A PHYSICAL ANALOG MODEL OF EXTENSIONAL DEFORMATION IN THE YUCCA MOUNTAIN REGION, NEVADA

The structural geology of the Crater Flat (CF) basin, including Yucca Mountain, consists of west-dipping extensional faults that trend between 000^° and 030^°, with subsidiary strike-slip and reverse faults. Faulting developed in response to E-W or NW-SE extension coeval with deposition of Miocene tuffs. We consider CF as the deformed hanging wall of the east-dipping and listric-shaped Bare Mountain Fault (BMF). To simulate extensional deformation of CF, we developed a 1:100,000 scale model of the CF basin. The analog model consisted of a layered sandpack above a rigid wood and clay footwall. The BMF décollement was simulated by a plastic sheet that separated the sandpack from the footwall. Balanced cross sections drawn across northern and southern CF were used to define the shape of the BMF. In the northern section, the thickness of the hanging wall above the modeled BMF was 6 cm [2.4 in]. In the southern section, the hanging wall thickened to 12 cm [4.7 in]. An E-W lateral ramp connects the deeper southern and shallower northern hanging walls.
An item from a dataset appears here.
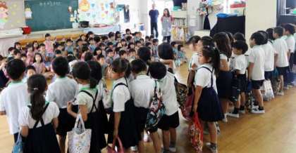今学期最後の幼小交流、1年4組が文の里幼稚園へ出かけました。

This lateral ramp is interpreted to lie beneath a zone of NW trending strike-slip and oblique slip faults within Yucca Mountain and coincident with major displacement transfer from the Solitario Canyon fault in the east to the Fatigue Wash and Northern Windy Wash faults in the west. The analog model was deformed by E-W extension. Results show that the deformed model closely reproduces the pattern of faults observed within CF. At the southern end of the model, deformation of the hanging wall is characterized by large NS trending antithetic normal faults. At the northern end of the model, these faults transfer displacement to a set of smaller antithetic normal faults that lie much closer to the BMF. Above the lateral ramp an array of NW trending oblique to strike slip faults formed. Sequential sections cut through the model after completion resemble the balanced cross sections drawn through CF. These observations support tectonic interpretations in which faults in CF were produced by E-W or NW-SE extension of the CF hanging wall above an irregular-shaped BMF.

[This abstract is an independent product of the CNWRA and does not necessarily reflect the views or regulatory positions of the U.S. Nuclear Regulatory Commission.]